* [WHAT THIS TASK INVOLVES]:
After locating the line with "Pyöreä jalallinen alusta, jossa" in the entries below, output it and each following line up to and including the line with "device. The MIC", exactly and without pictures.

(SUPPLIED MATERIAL)

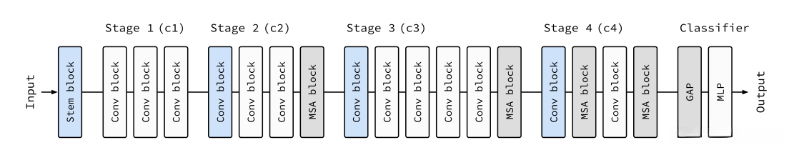 如图是基于ResNet50的AlterNet的网络结构,白色块代表Conv块,灰色块代表MSA块,蓝色块代表下采样块,相较于ResNet,作者将每一个stage尾端的Conv模块替换成了MSA块。
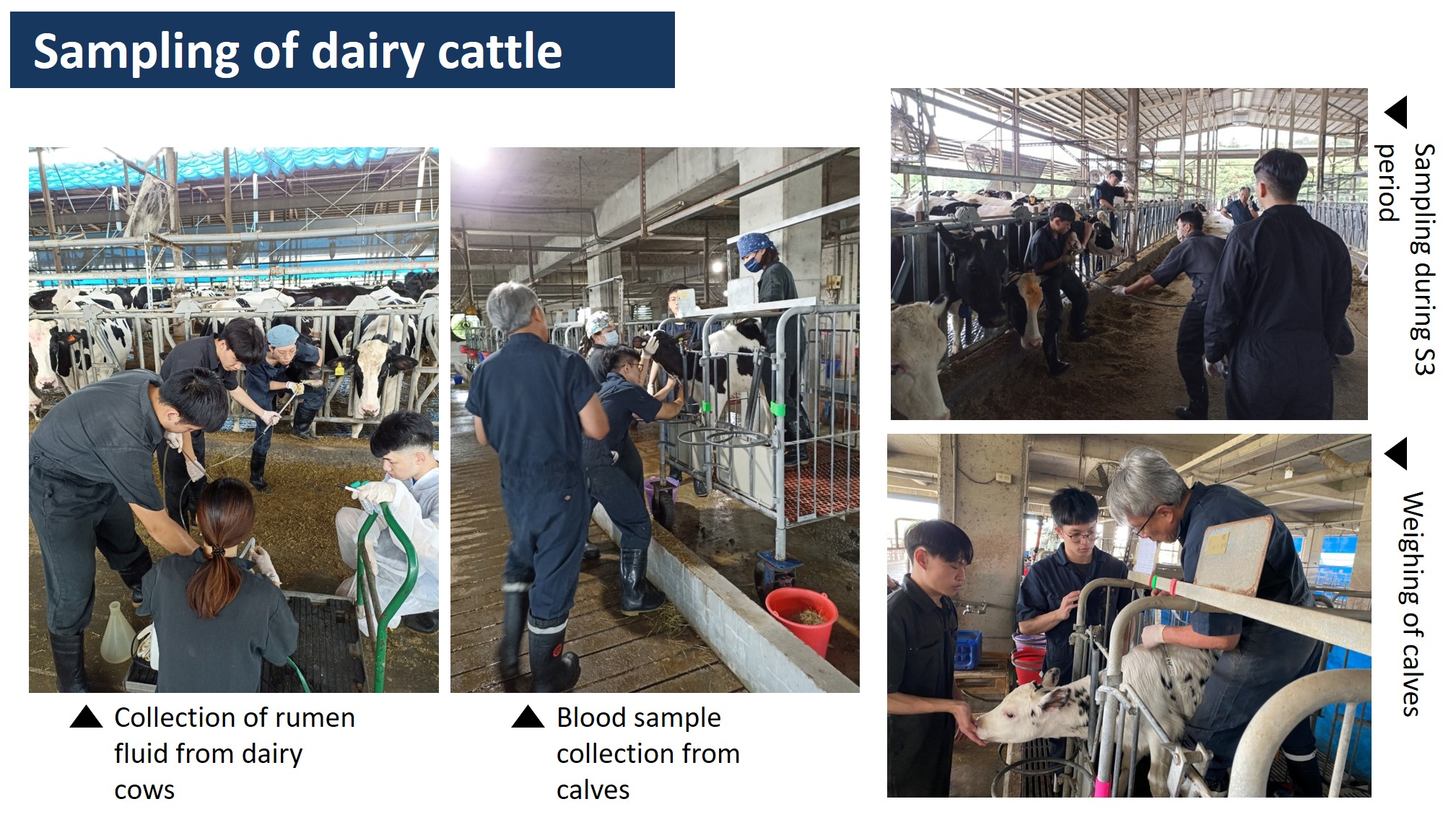 智慧永續館 | 材料化工與奈米技術簡介: 本技術結合多質體分析與動物模型,自乳牛瘤胃篩選具健康潛力之益生菌,以提升乳牛健康與乳品質。比較健康與乳房炎乳牛之菌相與代謝體,鎖定 Ruminococcus flavefaciens 與 Bifidobacterium longum subsp. longum,並經體外發酵及鼠糞菌移植驗證機能性。再整合 Lactobacillus salivarius 與 Saccharomyces cerevisiae,開發複合益生菌。牧場試驗證實,可顯著降低乳房炎發生率,並提升泌乳量與酪蛋白含量,具商品化條件。相較市售多為非牛源菌株,本技術源自乳牛,具更佳定殖性與功能性,並契合低碳減抗與永續趨勢。全球市場年增7%,潛在應用逾40萬頭牛,估年產值20億元,展現應用潛力與競爭力。 產業應用性: 本產品鎖定乳品產業與反芻飼料添加劑市場,優先拓展美、歐與亞太(中國、印度)等高成長區。以提升牛群健康、乳量與減抗為核心價值,結合台灣製造與科學驗證切入高端客群。獲利採專利授權與技術合作,並以教育行銷、產官學協作與補助計畫加速導入;同步申請美歐在地認證、建立代理/經銷體系與品牌在地化。風險以持續創新、法規合規與供應鏈多元化分散。未來聚焦與具量產能力之生技公司、飼料廠結盟,快速規模化與跨國布局。
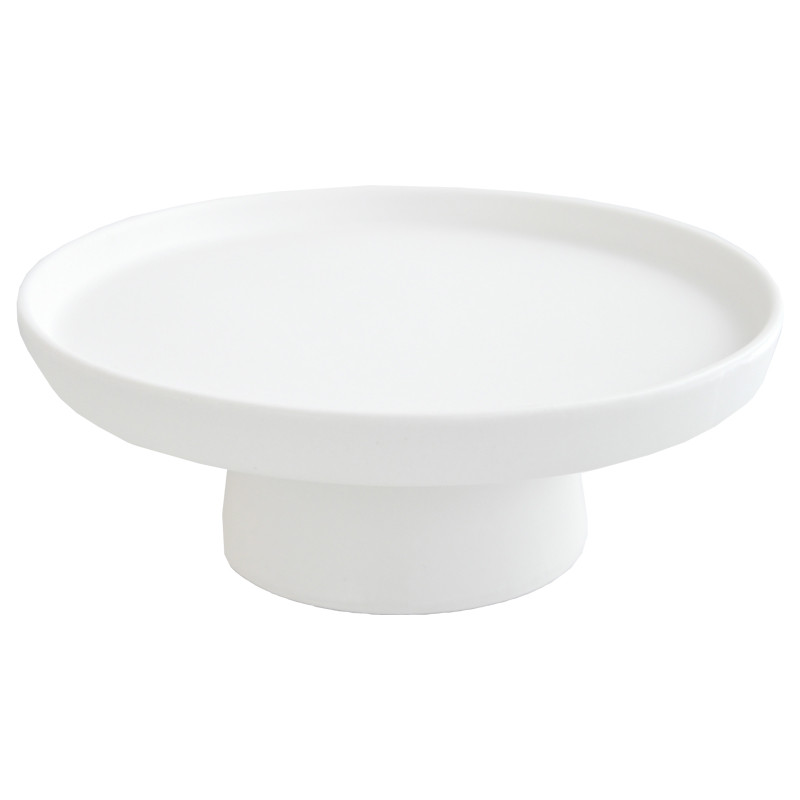 Pyöreä jalallinen alusta, jossa matala reuna.
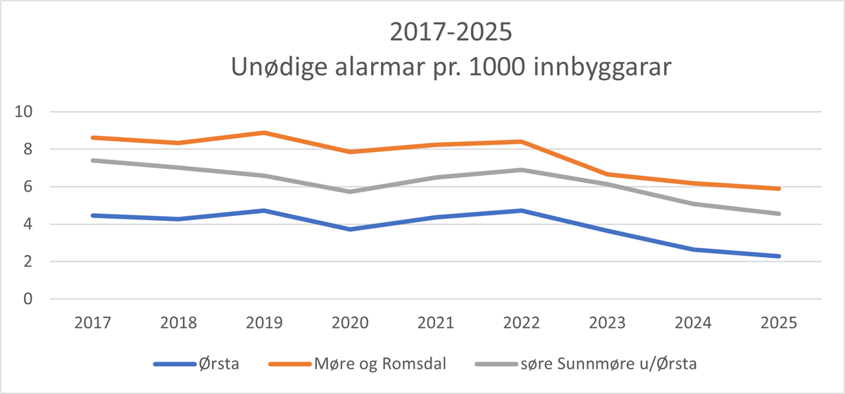 Unødige alarmar per 1000 innbyggar 2017–2025. (Klikk for større bilde)
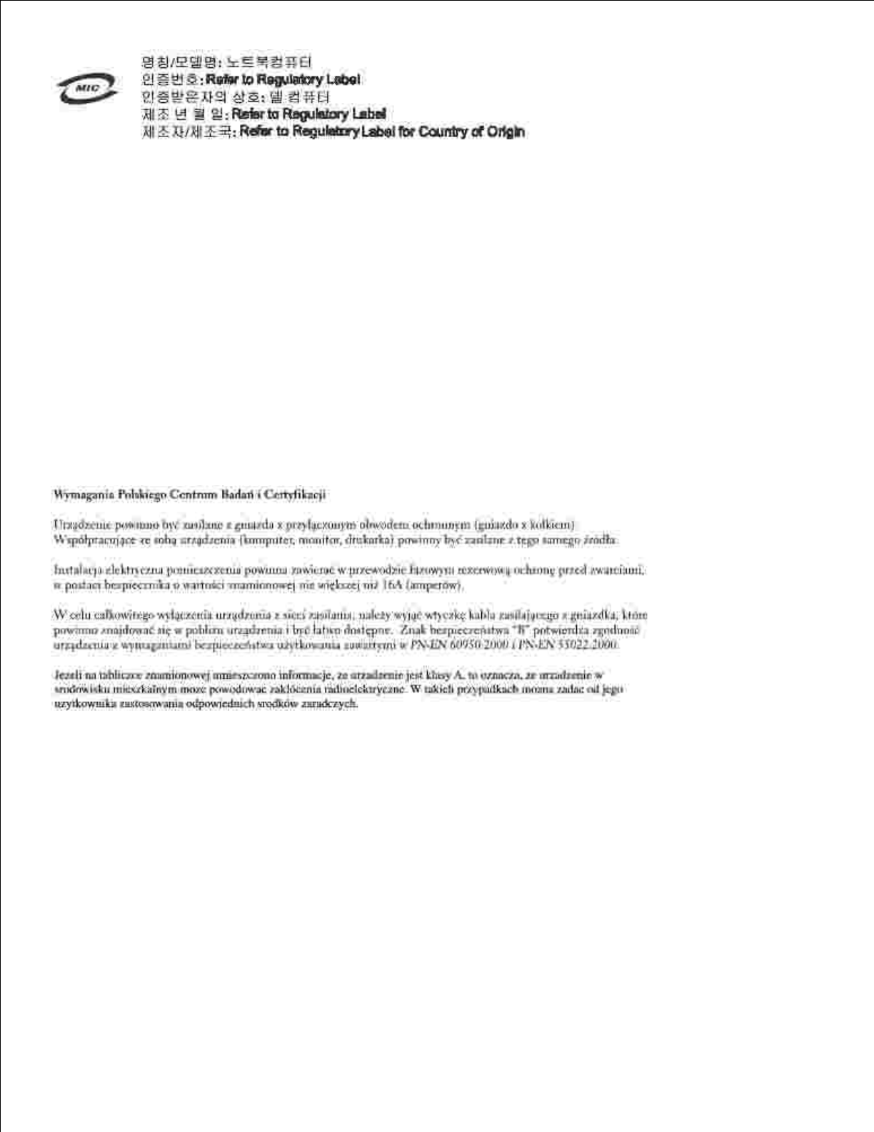 device. The MIC label may be located separately from the other regulatory marking applied to your product.
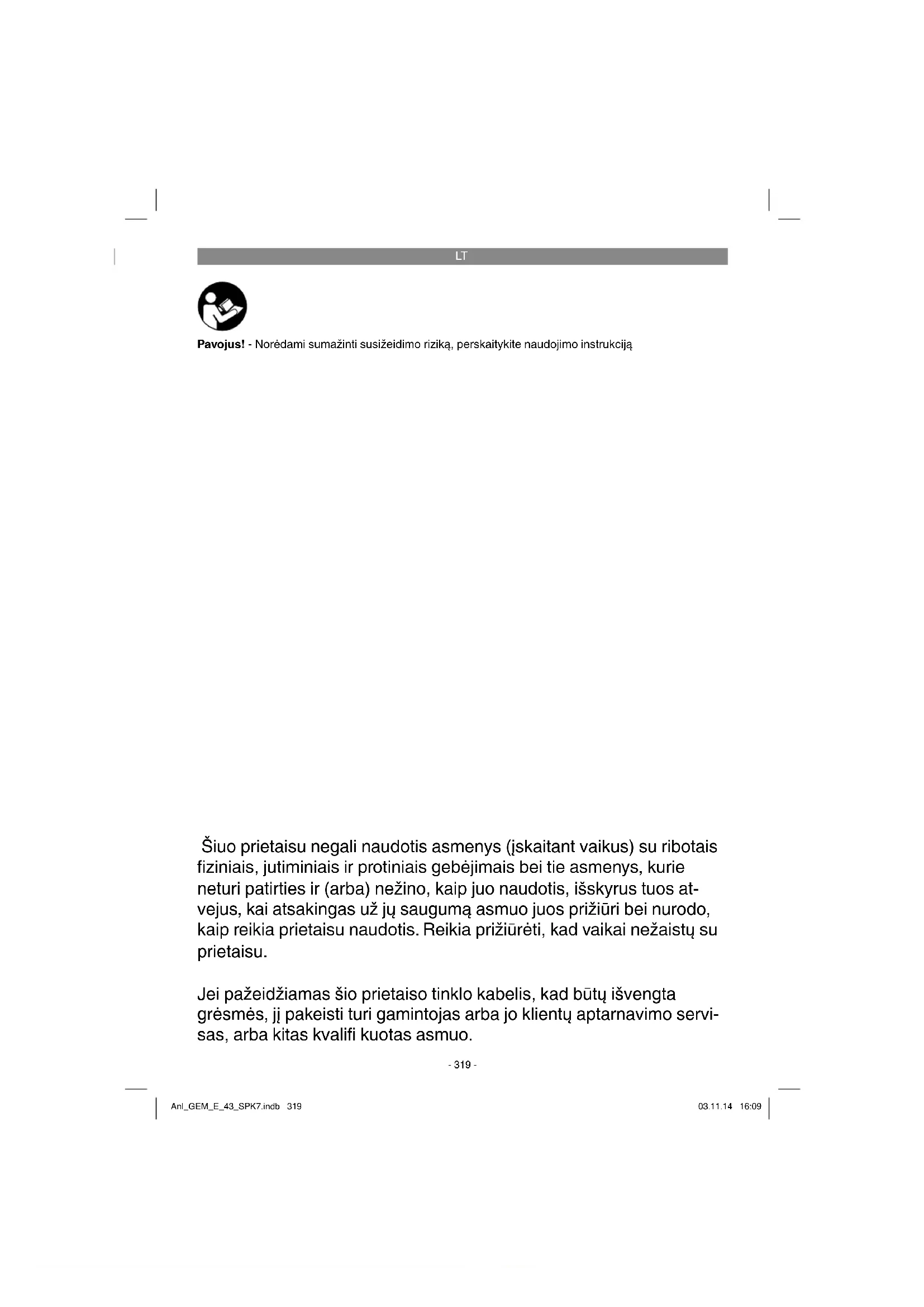 Pavojus! - Norėdami sumažinti susižeidimo riziką, perskaitykite naudojimo instrukciją Šiuo prietaisu negali naudotis asmenys (įskaitant vaikus) su ribotais fi ziniais, jutiminiais ir protiniais gebėjimais bei tie asmenys, kurie neturi patirties ir (arba) nežino, kaip juo naudotis, išskyrus tuos at- vejus, kai atsakingas už jų saugumą asmuo juos prižiūri bei nurodo, kaip reikia prietaisu naudotis. Reikia prižiūrėti, kad vaikai nežaistų su prietaisu. Jei pažeidžiamas šio prietaiso tinklo kabelis, kad būtų išvengta grėsmės, jį pakeisti turi gamintojas arba jo klientų aptarnavimo servi- sas, arba kitas kvalifi kuotas asmuo. Anl_GEM_E_43_SPK7.indb 319Anl_GEM_E_43_SPK7.indb 319 03.11.14 16:0903.11.14 16:09LT
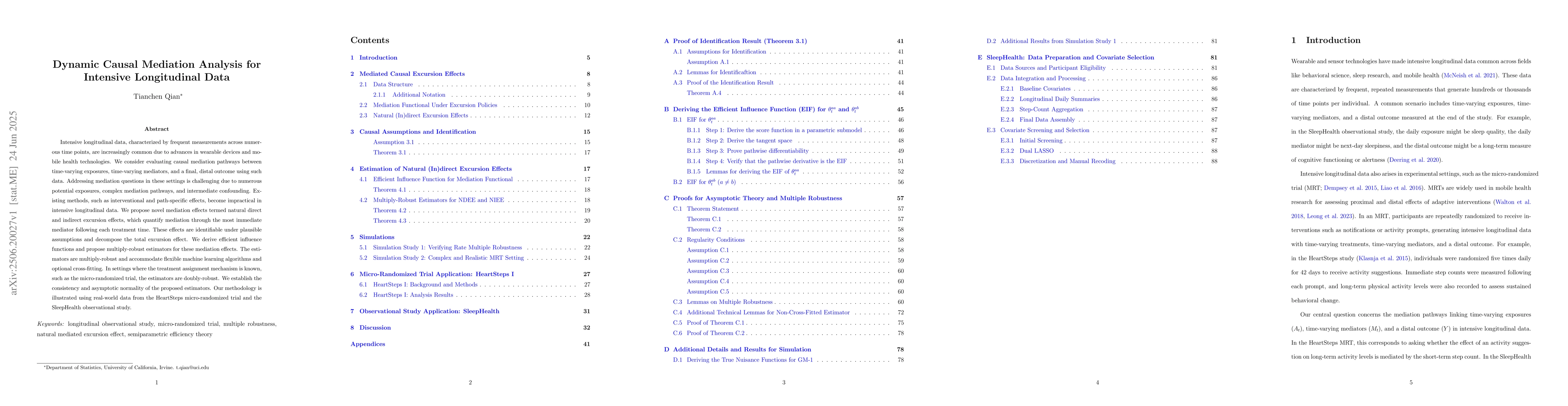 Intensive longitudinal data, characterized by frequent measurements across numerous time points, are increasingly common due to advances in wearable devices and mobile health technologies. We consider evaluating causal mediation pathways between time-varying exposures, time-varying mediators, and a final, distal outcome using such data. Addressing mediation questions in these settings is challenging due to numerous potential exposures, complex mediation pathways, and intermediate confounding. Existing methods, such as interventional and path-specific effects, become impractical in intensive longitudinal data. We propose novel mediation effects termed natural direct and indirect excursion effects, which quantify mediation through the most immediate mediator following each treatment time. These effects are identifiable under plausible assumptions and decompose the total excursion effect. We derive efficient influence functions and propose multiply-robust estimators for these mediation effects. The estimators are multiply-robust and accommodate flexible machine learning algorithms and optional cross-fitting. In settings where the treatment assignment mechanism is known, such as the micro-randomized trial, the estimators are doubly-robust. We establish the consistency and asymptotic normality of the proposed estimators. Our methodology is illustrated using real-world data from the HeartSteps micro-randomized trial and the SleepHealth observational study.
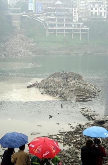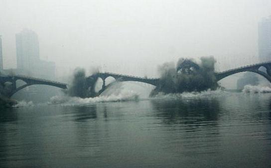 1月5日上午10时30分,随着“轰”的一声巨响,重庆市合川区涪江一桥的桥体瞬间沉入了江底,成功地实施了爆破拆除。1971年建成的涪江一桥曾经是国道212线上的一座跨江大桥,在经过37年的运行后终于完成了它的历史使命
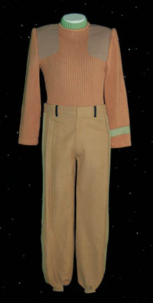 Ordered to ‘Nimbus III', the “Enterprise-A” crew respond to a hostage crisis in these commando style field duty uniforms, caramel colored wool sweater with matching pants, and a green medical division undershirt, this costume was featured in Star Trek V: The Final Frontier for wear by DeForest Kelly as “Dr. … |
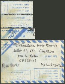 267 MALVINAS (FALKLAND I.) - HISTORIA POSTAL - GUERRA ANGLO-ARGENTINA Sobre / N°Cat.: MB. Sobre enviado el 24/MAY/1982, con franquicia militar, por un soldado apostado en Darwin a su padre en Campana, con rarísimas marcas azules de la FUERZA AÉREA, buena calidad, extremadamente raro! Precio inicial: US$ 500 Precio actual: US$ 500 Oferte US$ 500 o más | |

(End SUPPLIED MATERIAL)

* [RESPONSE TO THIS TASK]:
 Pyöreä jalallinen alusta, jossa matala reuna.
 Unødige alarmar per 1000 innbyggar 2017–2025. (Klikk for større bilde)
 device. The MIC label may be located separately from the other regulatory marking applied to your product.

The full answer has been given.